I imagined then that I carried my broadsword of progress in
the conversations I had with my peers, my enthusiasm to elicit change would hopefully be the catalyst for a thousand new voices of hope, raging against the
machine in unison, initiated by a thousand hushed but heated debates about the
cruelty of the state apparatus and its devastating consequences.
I cannot be sure I ever had any effect on anybody. I think I
was branded an eccentric kook at best, but most likely an insane liberal terrorist
loving asshole or worse.
I don’t regret anything.
Today we once again find ourselves in a similar situation
that we did way back during those debates of 1990 that took place in our school
hall.
Sure, the devil is in the detail, and whilst the political
situation is very different today, with several free and fair democratic
elections having taken place since the fall of apartheid, the same
psychological, social, philosophical and economic scars still exist and have
even been exacerbated in recent years in South Africa.
State capture was initiated during an era of prosperity and
reconciliation in South Africa, but as the details emerged and public outrage
grew, the go-to tool for the perpetrators was to retreat back to rhetoric of
the apartheid state, emphasizing differences, stoking racial tensions and creating
an atmosphere of fear and distrust.
It worked.
The true cost of state capture is not the money that was
stolen, but the social and racial discord that was a vehicle and by-product of
those bastards who chose to sell their souls to the devil.

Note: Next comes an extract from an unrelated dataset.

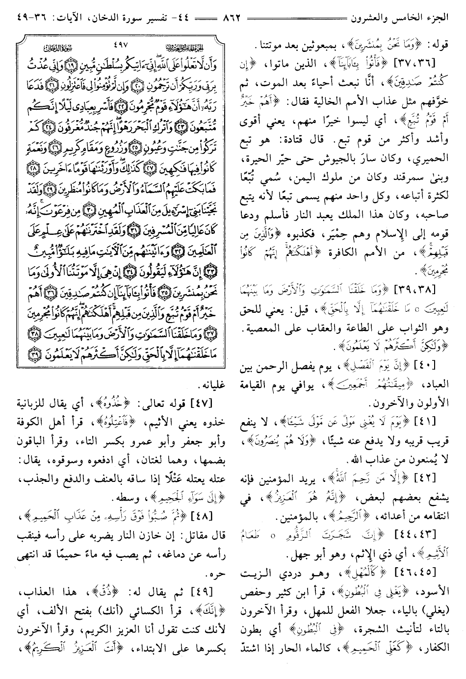 [49] ثم يقال له: {ذُقْ} [الدخان: 49] هذا العذاب، {إِنَّكَ} [الدخان: 49] قَرَأَ الْكِسَائِيُّ (أَنَّكَ) بِفَتْحِ الْأَلِفِ، أَيْ لِأَنَّكَ كُنْتَ تَقُولُ أَنَا العزيز الكريم، وَقَرَأَ الْآخَرُونَ بِكَسْرِهَا عَلَى الِابْتِدَاءِ، {أَنْتَ الْعَزِيزُ الْكَرِيمُ} [الدخان: 49]

The spirit of reconciliation feels long gone. The Rainbow
Nation is a forgotten relic, relegated to a footnote in the history books of
South Africa. The soul of Mandela is channeled for evil instead of good, the
antithesis of all his core beliefs.
The advent of democratized social media has given a platform
to everyone. Anyone with an opinion can be heard around the world, instantly
and without guard rails.
And in this terrifying environment I find myself once again
retreating back into that hall in Standard 7, listening to my fellow debaters
and audience members trying often for literal life-or-death to find a middle
ground and common understanding to make a better future for all.
For every racist post written, tagged or shared I find it
more and more difficult to ignore it, needing to comment on the verbose undertone
of bigotry or ignorance. I am compelled to share my truth. I cannot help
myself. I feel 15 again.
There is something succinctly perverse and cruel when
standing by and watching the haves beat down on the have-nothings, seeing the
educated spewing factual untruths in an effort to throw shade on the uneducated,
the inevitable kicking somebody who is down.
Bullies become cowards when they are called out or
challenged to a fight. Illogical arguments crumble and indefensible standpoints
are abandoned for cries of “fake news” and ill-thought out reasoning encompassing
the worst examples of circular reasoning.
I struggle to be subtle in my outrage.
I cannot be sure I will ever have any effect on anybody. I
think I am branded an eccentric kook at best, but most likely an insane liberal
terrorist loving asshole at worst.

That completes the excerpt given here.